Questi i fatti: Littin è particolarmente “accurato” e preciso nel raccontare la vita del “campo” fra minacce e violenze (lo sbarco nell’isola, con i prigionieri incappucciati e barbaramente malmenati è uno dei momenti più drammaticamente efficaci) e nel dettagliare i tesi rapporti con il comandante della base militare e i graduati, ma questi se sono aspetti “necessari” anche per storicizzare le cose, a mio avviso sembrano non essere invece prioritari nel disegno generale del regista, che giustamente sceglie invece di privilegiare, al fine di essere più incisivo e diretto,  la rappresentazione della vita quotidiana, soffermandosi a sottolineare, spesso con interessanti  intuizioni stilistiche, i rapporti tra oppressi e oppressori, senza dimenticare di evidenziare i casi di sotterranea, empatica solidarietà che si verificarono in alcune circostanze. La cosa però che riesce a mettere a fuoco in maniera esemplare, è lo smarrimento generalizzato di un popolo “traumaticamente” ferito. dove tutti - anche i soldati chiamati a infierire -  pagano in qualche maniera le conseguenze in termini di sofferenze o di disagio.

Littin riesce ad evitare poi  (ed è un merito non secondario) il rischio della ripetitività, non solo alternando i fatti della detenzione con  inserimenti  riferiti a ciò e era accaduto e accadeva oltre l’isola, e lo fa con un “pudore” e una “discrezionalità  esemplare, ricorrendo spesso a immagini di archivio (i momenti del golpe, le bombe contro il palazzo presidenziale della Moneda, le ferocissime, successive repressioni indiscriminate della dittatura) ma cercando anche di penetrare l’intimo delle singole esperienze,  mostrandoci le poche lettere scritte alle famiglie, i disegni, le poesie, che aiutarono a tirare avanti senza lasciarsi travolgere dalla disperazione dello sconforto, che sono poi quei momenti di “umanità” ritrovata travalicano le maglie del ferreo regolamento militare. Non ci sono scarti fra i vari piani. Le sequenze si integrano senza sbavature, richiamate alla memoria magari dalle immagini trasmesse da un apparecchio televisivo momentaneamente “concesso” perché venisse riparato, o ancora dalle frequenze “intercettate” di Radio Mosca che racconta il “fuori”.

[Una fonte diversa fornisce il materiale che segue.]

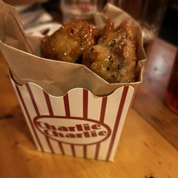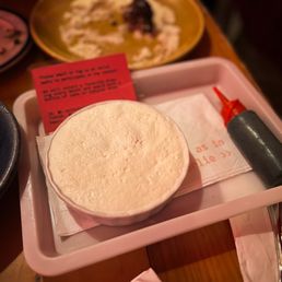 Such a great ambiance with creative, delicious flavors and energetic staff! Fluke ceviche (5/5) - The fluke just melted in your mouth, but what really set this dish apart was the dressing. A lot of the ceviches I've had were way too sour, but this one was so bright and fruity. We later learned that they import Hallabong oranges from Jeju, which explains why this dish was so vibrant! Popcorn chicken (3/5) - Tasted like popcorn chicken, nothing special but not bad. Mushroom bibimbap (4/5) - Love all the different types of mushrooms, a variety of earthy flavors and textures! The hen of the woods was marinated in soy sauce, giving it a flavor punch. Oxbone cream pasta (3/5) - Tasted like a carbonara, not really special. Crab drop (5/5) - Oh wow this dish was good. Rich umami from the crab; the broth was soothing, creamy, sweet, slightly spicy; the silken tofu was such a nice texture. All of this combined, you get a delectable dish that checks all the boxes! Potato nuggets (4.5/5) - The truffle mayonnaise is so fragrant and rich, so good! The only reason I docked by 0.5 was because the potato nuggets were a disappointing accompaniment compared to Hojokban's truffle potato pancakes. Toast roll (5/5) - Crispy on the outside, rich and creamy on the inside. The shrimp was minced in a way that it didn't feel exactly like a shrimp toast you'd expect, it was interesting. The dipping sauce was a perfect, delicious accompaniment. Seoul'sbury steak (4/5) - Clever name haha, it was a gourmet version of a Salisbury steak. B as in banana (5/5) - They give you some frosting to draw and you enter a competition. Winner each month gets free sake! Guess what we drew :) (disclaimer: we did not win) Charlie's deli bagel (4/5) - An ice cream version of the cream cheese and jelly bagel, very creative. Our server was so amazing and brought great energy and passion! The funny names, dessert drawing competition, and fun twists on dishes were delightful. The dishes were fun and creative and delicious. Love this place!

Riproiettandosi  poi nella contemporaneità,  il regista non si limata a documentare il passato di quella ormai lontana permanenza nell’inferno dell’isola, ma “racconta” anche il dopo,  spingendosi negli anni oltre il 2000, quando, ormai trascorsi ben trent’anni, alcuni di quei sopravvissuti ritornano a Dawson per  riappropriarsi  del luogo dell’infamia dentro cui sono stati costretti loro malgrado, ad imparare l’arte di sopravvivere “nonostante tutto”, per interrogarsi  anche “criticamente”, e soprattutto  per confrontarsi dialetticamente con alcuni dei  lontani carcerieri, a loro volta di nuovo reintegrati nella gestione del potere democratico, affidando però  poi la conclusione, proprio alle ultime parole di Allende, quelle del suo discorso nel palazzo assediato dall’esercito,  pronto a  resistere (o a morire) senza piegarsi o arrendersi.

Buona la prova degli interpreti (Benjamin Vicuña, Cristian de la Fuente, Sergio Hernandez, Luis Dubò)  così come la resa fotografica dell’insieme (Fotografia di Miguel Ioann Littin)  e il supporto musicale realizzato da Jaun Cristobal Meza.